Когда ему выпала возможность поговорить с Алиенорой наедине, он обратился к ней так же вежливо, но с ощутимым скрытым напряжением, будто стояли на пути бурной подземной реки, о которой знали только они.
– Король оказал мне честь, попросив стать его знаменосцем, – с гордостью сообщил Жоффруа.
– Он понимает, что следует вовлекать моих вассалов в общее дело, – ответила она. – И вполне уместно, чтобы человек ваших способностей в таком случае ухватился за выгодную возможность.
– Некоторым не нравится, что южный выскочка занимает столь видное положение, – язвительно сказал он, – но успех всегда порождает зависть. Я рад служить вам и королю.
В тот первый вечер в большом зале компанию развлекал знаменитый благородный трубадур Жоффре Рюдель, сын кастеляна Блая, который, спев подходящие к случаю боевые песни и баллады, взял минорный аккорд на своей цистре и исполнил еще одно произведение о душераздирающей любви и тоске.
У Алиеноры перехватило дыхание. Она посмотрела на Жоффруа, и на едва уловимое мгновение их взгляды скрестились, и под их ногами забурлила подземная река.
Когда-то она играла с ним в догонялки в здешних садах, со смехом уворачиваясь от протянутых к ней рук. Она ходила с ним на охоту; они вместе пели песни и танцевали. С ним она училась восхитительному искусству флирта, зная, что в безопасности и он не причинит ей зла. Он дарил ей радость в детстве, и о нем она мечтала, когда ее тело обрело женственные формы. Все это осталось в прошлом, но влечение и воспоминания остались. Ей хотелось бы возродить их, чтобы перекинуть мост через пропасть настоящего, но ради них обоих она не могла так поступить. Никогда ей больше не флиртовать с ним, потому что в этом случае каждое слово будет сказано всерьез, в то время как любезности с другими – лишь показные пустяки.
Воодушевленный и жаждущий завоевать Тулузу, Людовик покинул Пуатье на следующее утро со своими французскими рыцарями и теми вассалами Алиеноры, которые откликнулись на его призыв. К другим были отправлены гонцы с приказом встретить короля в пути. С короной Аквитании на челе Алиенора обняла мужа и, когда он сел на коня, передала ему свой щит.
– Да пребудет с тобой Господь, – сказала она. Краем глаза она заметила, что Жоффруа несет знамя Людовика с французскими лилиями, а рядом с ним развевается аквитанский орел. Он смотрел прямо перед собой, упрямо выпятив подбородок. – Да пребудет Он со всеми вами, – добавила она.
– Я вернусь к тебе и принесу в дар Тулузу, если это будет угодно Господу, – ответил Людовик.

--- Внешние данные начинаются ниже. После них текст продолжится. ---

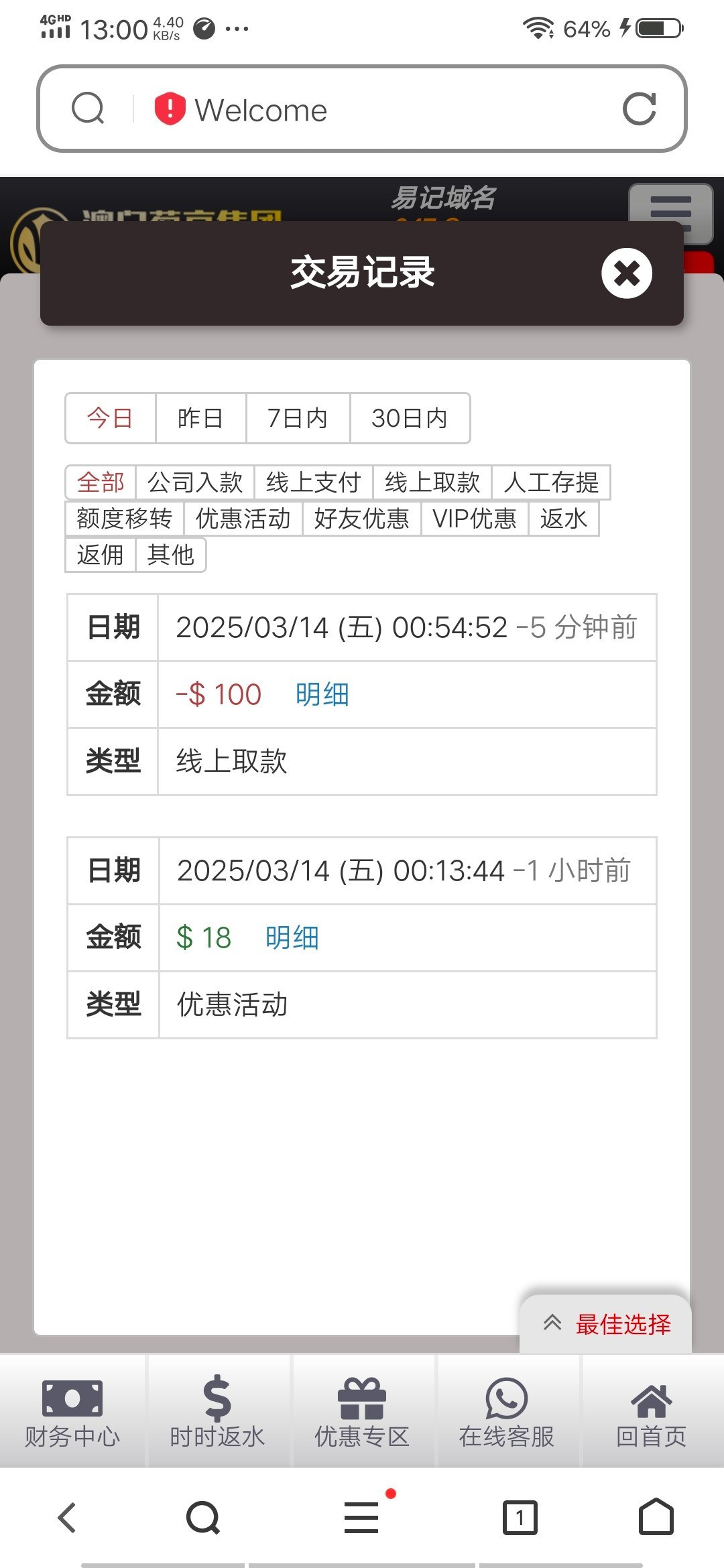 电话特邀回归彩金18元
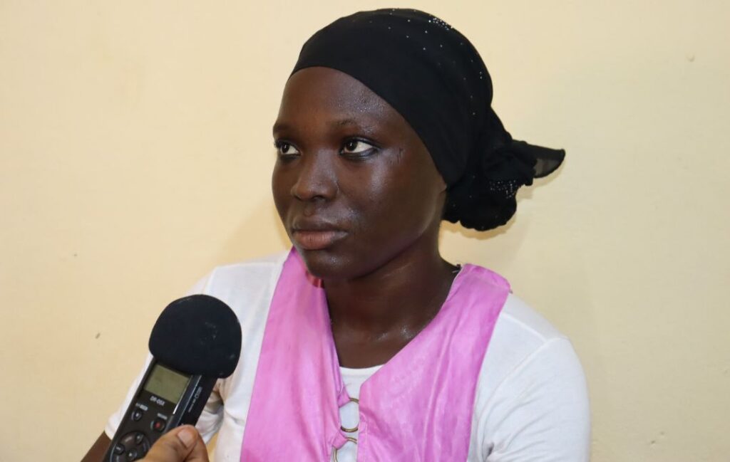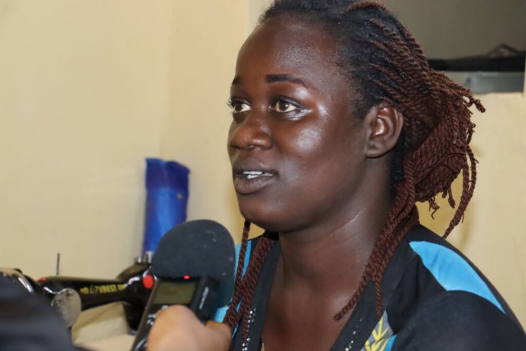 Depuis bientôt un an, Ladifatou se forme à la couture dans cet atelier de l’Union des femmes battantes. Elle sait déjà manier le fil et l’aiguille. Mais, c’est sa situation familiale difficile qui l’a conduite vers l’Union. « J’ai expliqué mon problème à la présidente. Elle m’a hébergée ici. Je ne suis pas déplacée interne, mais chez mes parents, ça ne va pas trop », souffle-t-elle. En venant ici, elle a pu payer ses études et soutenir en retour sa famille. Son passage lui a permis de se perfectionner en couture et en teinture. Désormais, elle appui aussi l’association dans la formation des nouvelles apprenantes.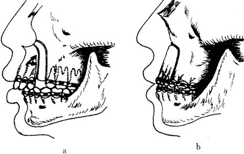 (3)用手指或上颌钳小心断离前颌骨块,使之能随意后退至计划位置,直至理想程度。用术前备妥的牙弓夹板或微型固定夹板,将就位的骨段固定于上颌,继用预制的唇弓丝经牙面锁槽将上牙列整体栓结固定(图16-1)。
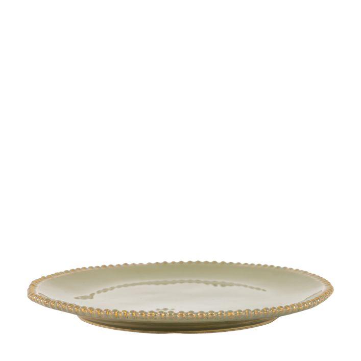 With a high-gloss olive green finish, this set of four side plates adds a touch of richness and character to the table. The soft, organic curves are complemented by a beaded edge trim, bringing subtle texture and decorative interest to the design.

Алиенора отступила и села в огромное кресло своего отца, которое вынесли из зала и установили на возвышении, под шелковым балдахином. Взяв у своего сокольничего кожаную перчатку, она усадила Ла Рейну на правое запястье. В левой руке она держала украшенный драгоценными камнями жезл с фигуркой голубки. Герцогиня Аквитанская, правительница государства, провожала в путь кавалькаду всадников, смелых, дерзких, в сверкающих доспехах. Людовик был в своей стихии, и Алиенора подумала, что никогда еще он не выглядел таким красивым и уверенным, как сейчас. Ее сердце разрывалось от гордости и за него, и за человека, который поклонился ей с седла, прежде чем выступить первым, держа в руках знамена.
14
Пуатье, лето 1141 года
Людовик вернулся в Пуатье после военной кампании почти с тем же блеском, с каким его оставил: под развевающимися знаменами, со сверкающей на солнце сбруей и новостью о том, что он заключил перемирие с Альфонсом Иорданом, владыкой Тулузы, согласно которому последний сохранил город в обмен на клятву верности французской короне. Попытки Людовика взять город штурмом провалились, не удалась и осада. Ему удалось добиться лишь клятвы верности и перемирия.

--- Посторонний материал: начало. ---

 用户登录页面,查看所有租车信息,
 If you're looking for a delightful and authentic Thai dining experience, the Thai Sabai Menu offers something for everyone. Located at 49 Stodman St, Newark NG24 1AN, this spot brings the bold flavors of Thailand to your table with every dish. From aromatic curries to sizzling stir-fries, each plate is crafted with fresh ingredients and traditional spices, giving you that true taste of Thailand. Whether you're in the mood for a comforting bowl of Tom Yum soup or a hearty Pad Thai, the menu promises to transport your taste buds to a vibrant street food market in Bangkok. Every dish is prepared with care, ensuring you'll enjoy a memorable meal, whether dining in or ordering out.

– Мне не хватило людей, – сказал он Алиеноре в их покоях, когда слуга опустился на колени, чтобы снять с него обувь и вымыть ноги. – У меня не было ни достаточного войска, ни снаряжения.
– Виноват Тибо Шампанский, – откликнулся Рауль де Вермандуа, который находился неподалеку как советник и старший член семьи. – Уже дважды он отказывал вам в услугах. Будь с нами его люди, мы взяли бы Тулузу, не сомневаюсь. – Он отпил вина из кубка, который протянула ему Петронилла.